Da questi deve partire una “rivoluzione permanente” che li farà i veri
protagonisti della rinascita. Il loro ruolo sarà completamente
ripensato. Non più passivi procacciatori di voti, esecutori di direttive
calate dall’alto, bensì centri d’idee, vere fucine di pensiero che
contribuiscano all’elaborazione della politica generale del partito.

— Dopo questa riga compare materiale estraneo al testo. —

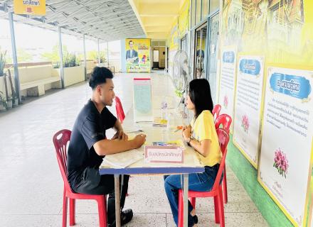 วันที่ 23 ตุลาคม 2567 ครู กศน.ตำบลทุ่งหวัง ลงพื้นที่รับสมัครเรียน ประจำภาคเรียนที่ 2 ปีการศึกษา 2567

Oltre al ruolo prettamente politico dovranno darsi obiettivi di crescita
culturale e sociale, volti ad offrire ai giovani occasioni di svago e di
socializzazione, anche per sottrarli alle influenze negative di gruppi
abbandonati a se stessi. Tali organismi dovranno, inoltre, perseguire un
fine autenticamente educativo, finalizzato a formare coscienze libere,
non soggette ad alcun influsso ideologico, e capaci di avanzare critiche
costruttive anche all’interno dello stesso partito. Si tratta della
realizzazione, sul piano politico, dell’opera di “coscientizzazione” che
Paulo Freire assegnava all’istruzione dei campesino del Nord-Est del
Brasile. Tutto ciò richiederà la formulazione di regole e regolamenti
chiari da applicare in ogni contesto.
Basteranno le nuove norme a rifondare le strutture e far ripartire
l’azione rigeneratrice del partito? Certamente non da sole. Ogni
iscritto dovrà sentirsi in prima persona responsabile; e rendersi
consapevole che l’impresa comporterà enormi sacrifici di lavoro e di
tempo. Dovrà fare suo lo slogan “ricomincio da me”, nel senso che ogni
piccolo contributo individuale servirà a fare grande l’impianto generale
del sistema. Sarà dura, ma varrà la pena provarci.
Termino come sono solito fare: chiedo scusa se mi sono ancora una volta
dilungato, ma non ho avuto tempo per farla più breve.